Friday, December 4, 2015

Many Russians Believe There is a Plan to Dramatically Reduce Their Numbers



Paul Goble

            Staunton, December 4 – Since the mid-1990s, Russians have told sociologists that they believe there is a plan, sometimes coming from the West and sometimes from their own leaders to reduce their numbers by two-thirds or more so that those remaining will be able to live a better life, according to Aleksey Levinson.

            These beliefs, the Levada Center sociologist argues in the latest issue of “Neprikosnovenny zapas,” need to be taken seriously because they reflect the problems Russians have had in adjusting to post-Soviet reality and the conclusion of many of them that they do not matter to anyone else (magazines.russ.ru/nz/2015/103/4l.html).

And that widespread sense that they are no longer needed by anyone, he continues, is why so many of them are so eager to identify with political projects like “Crimea is Ours” because that appears to them to give them the kind of meaning they had in Soviet times when the state told everyone that they were working for the good of the country.

Levinson says that Russian sociologists began to hear from Russians in focus groups about the supposed existence of this plan in the mid- 1990s and continue to hear about this idea to this day. When the population was declining, many Russians saw this as evidence that the plan existed and was working.

But now that the population as a whole has stabilized or shown slow growth, many Russians have modified this belief and say that the plan is about reducing the number of ethnic Russians – and that the small upticks in the total population are intended to hide the fact of the plan to destroy Russians.

The idea about the intentional reduction in the number of Russians has several variants. Most often, people speak about reducing the Russian population “by a third, sometimes by a third, and in rare cases, they give an exact percentage,” the sociologist reports. Intriguingly, Russians never talk about the elimination of all the population or about this being part of a plan to allow China to settle its people in Siberia or even more of Russia.

Instead, those who belief this say that “the current population of Russia is too large” for its members to live “a good life.” If “the excess” were eliminated, these people say, then “all would go in a “’normal’” way – either because the West wants it that way or because Russian elites do. Often, those who hold this view see the two working together.

Some who believe there is a plan say it consists in keeping the Russian standard of living too low for people to live. Others point to the promotion of family planning as a tactic to implement this plan. And still others suggest that the plan involves transforming all Russians into homosexuals and thus eliminating the possibility of another generation.

Those who accept this idea make the following point: “We aren’t needed for ‘normal’ life; we aren’t suitable for it.
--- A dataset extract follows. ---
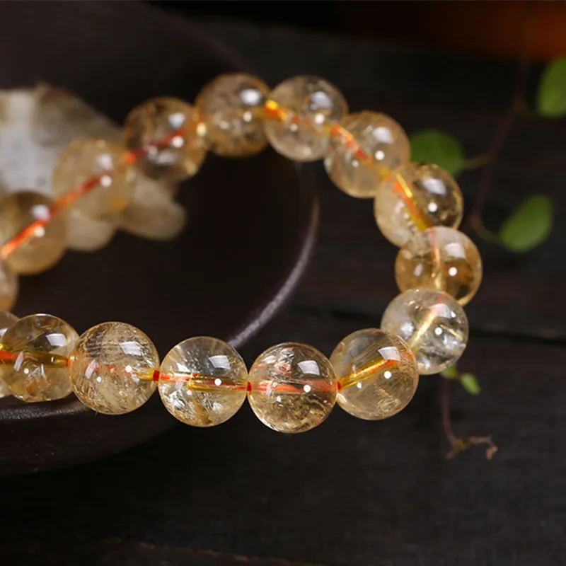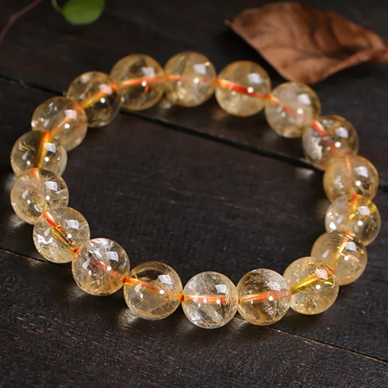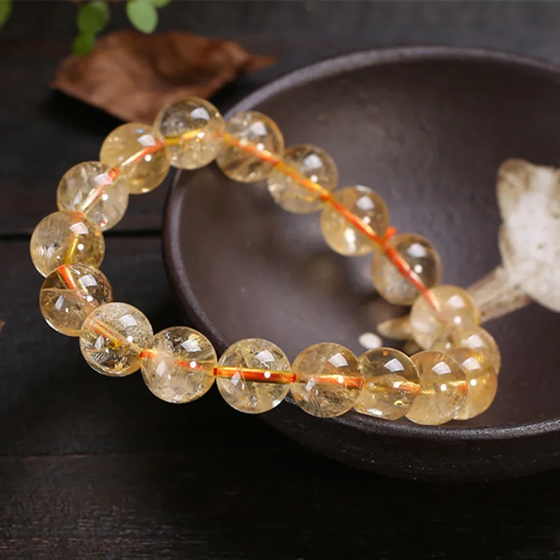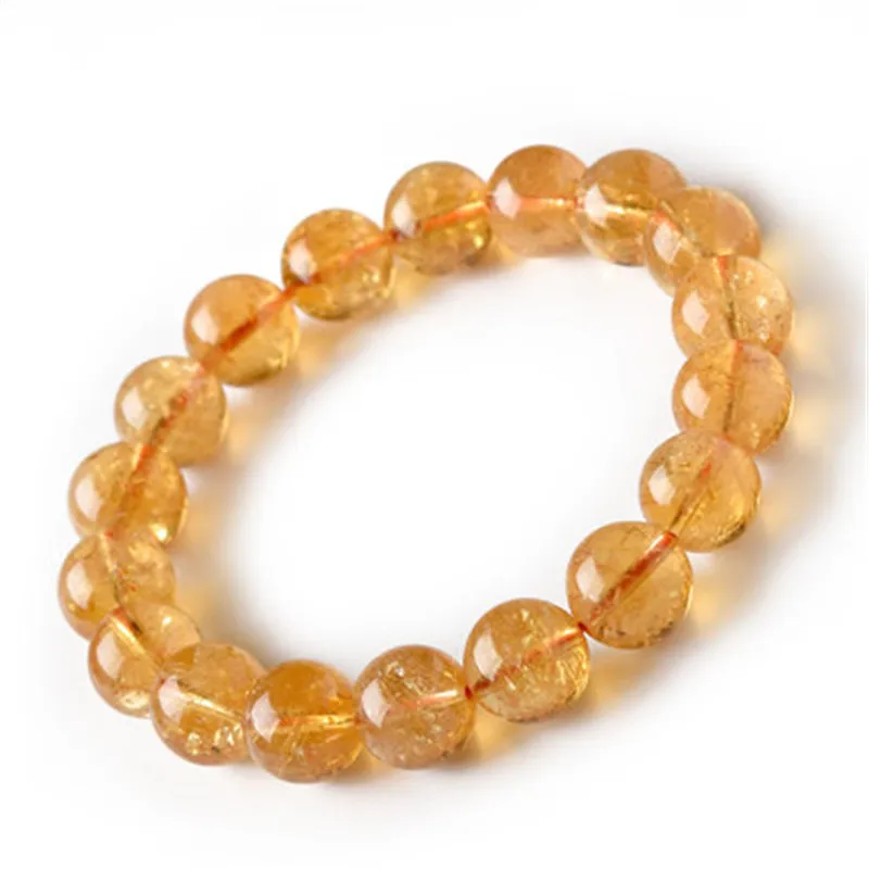 Natural Stones Yellow Brazil Citrine Bracelets Round Beads Bangle Creastly Material Men Women Crystal Jewelry Love Energy Gift

We were needed for Soviet life; it ended but we have remained. We don’t fit in.” That logic explains why Russians have come to believe that there is a plan to destroy them as a people.

In Soviet times, almost everyone worked for the state and thus felt themselves part of something larger.  With the collapse of the Soviet system, people began to work for others and for themselves; and as a result, Levinson says, they no longer felt part of something larger and then felt they weren’t needed. From that to the idea of a plan to destroy them was a small step.

Russians now refer to only a few people as “government” related and they know that only seven or eight million people are needed to operate the critical oil and gas industry. All the rest are simply redistributing that produced by this minority, and that view also leads people to think they are unnecessary.

Had the transition to capitalism really happened and had the state not continued to play such a large role, Levinson says, it might have been that Russians would come to see themselves as individuals who participate in society and the economy as such along with all other individuals.

But what happened in Russia, he says, was not that. Instead, the state bureaucracy continued to dominate the economy – success depended less on entrepreneurial skills than on relations with the bureaucracy and the power elites – and so those who were outside of this charmed circle also had reason to feel themselves increasingly unnecessary.

“At the beginning of our post-Soviet history, the best career for a young person was that of bandit and then entrepreneur. Now, the best career is considered that of the state employee.” As a result, “not reforms but the transformation of [Russian] life toward its new stratification (in the sense of the total dictatorship of the bureaucracy) has led to a situation in which the majority of those who consider themselves participants in economic and social processes do not feel themselves to be independent subjects.”

But they want to be and grab onto those things that allow them to feel themselves as they did part of something larger that will give them meaning, Levinson says; and when they do not feel that way, they are sure they are superfluous and are going to be done away with for precisely that reason.